I have multiple groups of data (20+ groups) and test the null hypothesis that they have the same mean. How do I proceed after the null hypothesis is rejected? What is the standard method for selecting the groups that do have the same mean?
The common wisdom says that in this case one has to do pairwise t-tests. It is hard to believe that nothing more efficient has been invented. In addition, pairwise testing has many deficiencies, e.g.
- There is no clear algorithm/protocol for separating the groups that may have the same mean from those that are off. (Visual inspection may do for one experiment, but what if you have to repeat this analysis hundreds of times with different data?)
- Even with such a protocol, selecting groups that likely have the same mean on the basis of pairwise t-tests will lead to accumulation of errors.
On the other hand, pairwise testing has the advantage that we have efficient test of confirming the null hypothesis for two groups: TOST equivalence test.
What are we looking for?
Here is what could be meaningful answers to this question (in my opinion):
- A method for separating the groups that may have common mean from the rest. If the method is based on pairwise comparison (rather than the batch testing) it probably includes some clustering procedure.
- Equivalence test for the groups with common mean, i.e. a test for affirming the null hypothesis rather than just not rejecting it.

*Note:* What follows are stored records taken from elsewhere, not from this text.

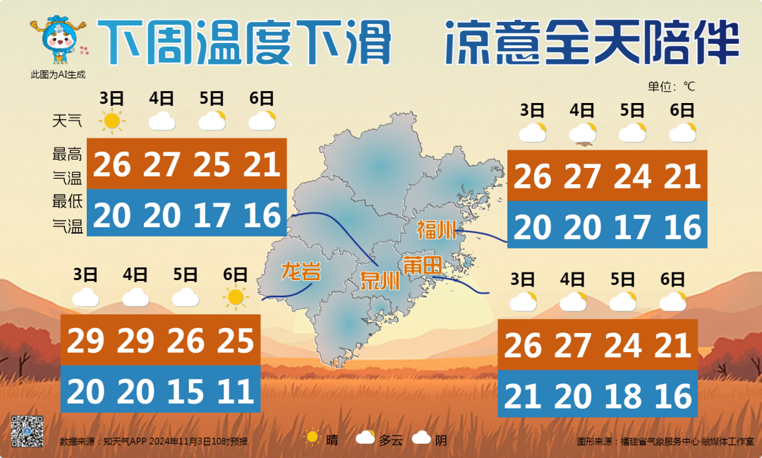 未來三天福州氣温明顯下滑
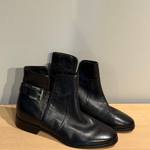 Ankelstøvletter i brun skinnimitasjon eller skinn, med glidelås på siden for enkel av- og påtaking. Modellen har lav hæl og glatt såle. Nøytral farge og enkel design som passer til hverdagsbruk og til ulike antrekk for dame. Prisen er 2199 . Selges for 1000
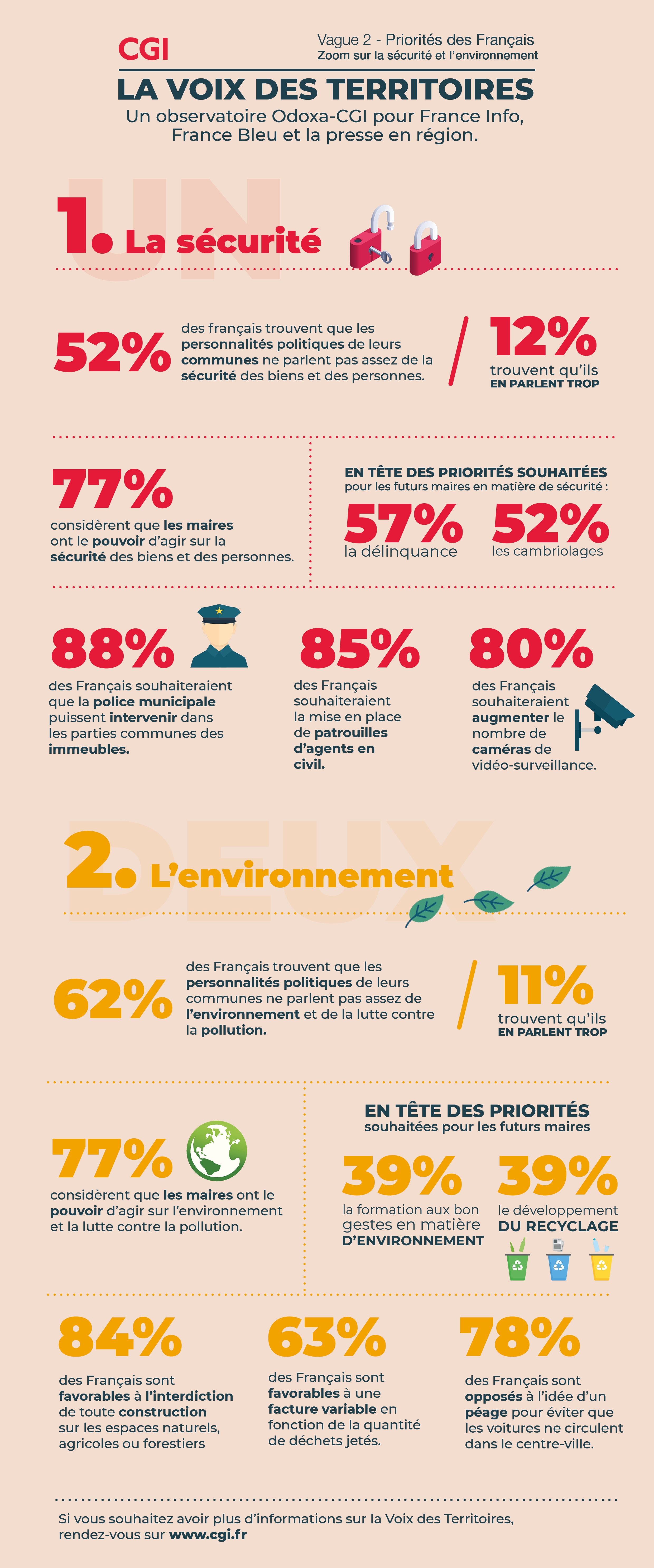 A l'occasion des Municipales 2020, Odoxa et CGI mettent en place un observatoire "la voix des territoires" pour décrypter les tendances majeures des Français. Découvrez l'infographie sur la vague 2 - Priorités des Français, zoom sur la sécurité et l’environnement.
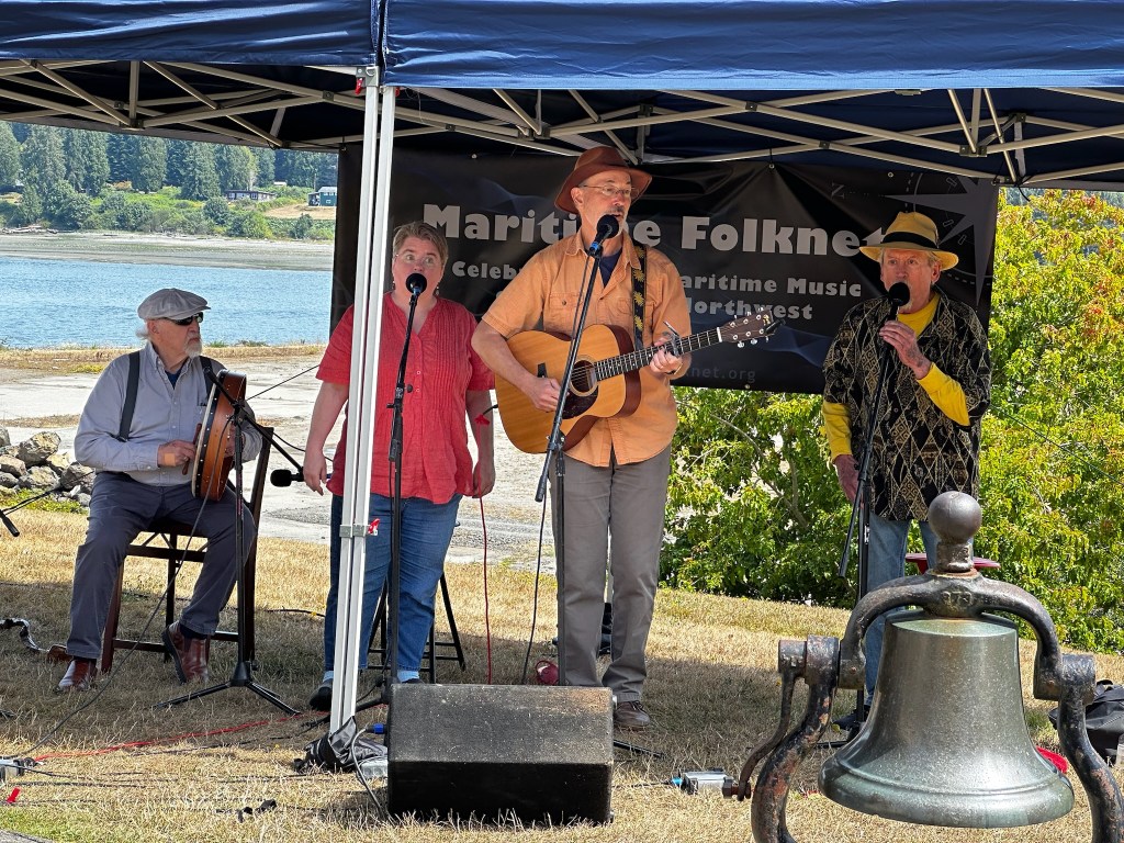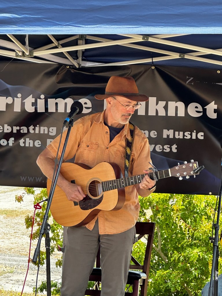 Port Gamble was a hoot. Jay, Emily and I played well. Sounded good, I think, and got a great reception. The solo performance of my prizewinning song (watch it here), went off without a hitch, and I was gratified by the sound of those in the audience who knew it singing along with the chorus. Got to lead one of my favorite contemporary maritime songs – Rod McDonald’s “Sailor’s Prayer” – with the whole musical complement of the festival at the end.

- Equivalent Bayesian procedures for the above tasks.
- Other suggestions about the things that could be done in ANOVA setting after rejecting the null hypothesis (perhaps looking for the subset of groups with a common mean is not the only interesting goal.)
Important
- References to textbooks and research papers are encouraged.
- Math and algorithms are better than code
- Preference is for scalable methods - that can be used with a big number of groups and many times (e.g. visual inspection won't do).
Related questions
What do "single-step" and "multi-step" mean in post-hoc testing of ANOVAs?
Two-sample $t$-test vs Tukey's method
Why are there not obvious improvements over Tukey's method?
Remark about pairwise comparisons
Since multiple users (correctly) noted that making pairwise comparisons for 20 groups is not that computationally hard (it involves $k(k-1)$ comparisons with $k=20$), I would like to explain again why this doesn't solve the problem (apart from obvious intellectual curiosity about dealing with $k=200, 2000, etc.$).
Suppose you have done all pairwise comparisons (t-tests and equivalence tests), and now you are staring at a 20-by-20 table of p-values. What do you do next? In some cases the outlying groups are obvious - but those are the cases where we do not really need statistics.
In the general case you need an algorithm for selecting the groups with common mean. Moreover, it is unlikely that you can do it on the basis of pairwise comparisons only: group A may be not statistically different from B and C, but B and C may be different among themselves.
The brute force approach would be doing ANOVA F-test for all possible combinations of $m$ groups, where m runs from 2 to k-1. This leaves us with \begin{equation} \sum_{m=2}^{k-1} {k \choose m} \sim 2^k \end{equation} tests, which looks more daunting than ${k \choose 2}$ pairwise tests. It is of course an exaggeration, but it sets the upper boundary and hopefully clarifies, why I would suspect existence of a standard method for finding the subset of groups with the common mean.
Multiple comparisons
@SalMangiafico has brought to my attention the compact letter display approach. It seems to be more a visualization than inference technique, yet it led me to this article, which contains some relevant references:
- Hochberg, Y., Tamhane, A. C., 1987. Multiple Comparison Procedures. Wiley.
- Hsu, J. C., 1996. Multiple Comparisons: Theory and Methods.Chap-man&Hall.
- Shaffer, J. P., 1995. Multiple hypothesis testing. Annual Review of Psychology46, 561–584. Schaffer
I am not yet sure whether these books contain the answers to my questions: it seems that the field deals more than with errors introduced by multiple comparisons than with the questions that I raised above. If somebody knowledgeable could write here or recommend a brief review on teh subject it will be greatly appreciated.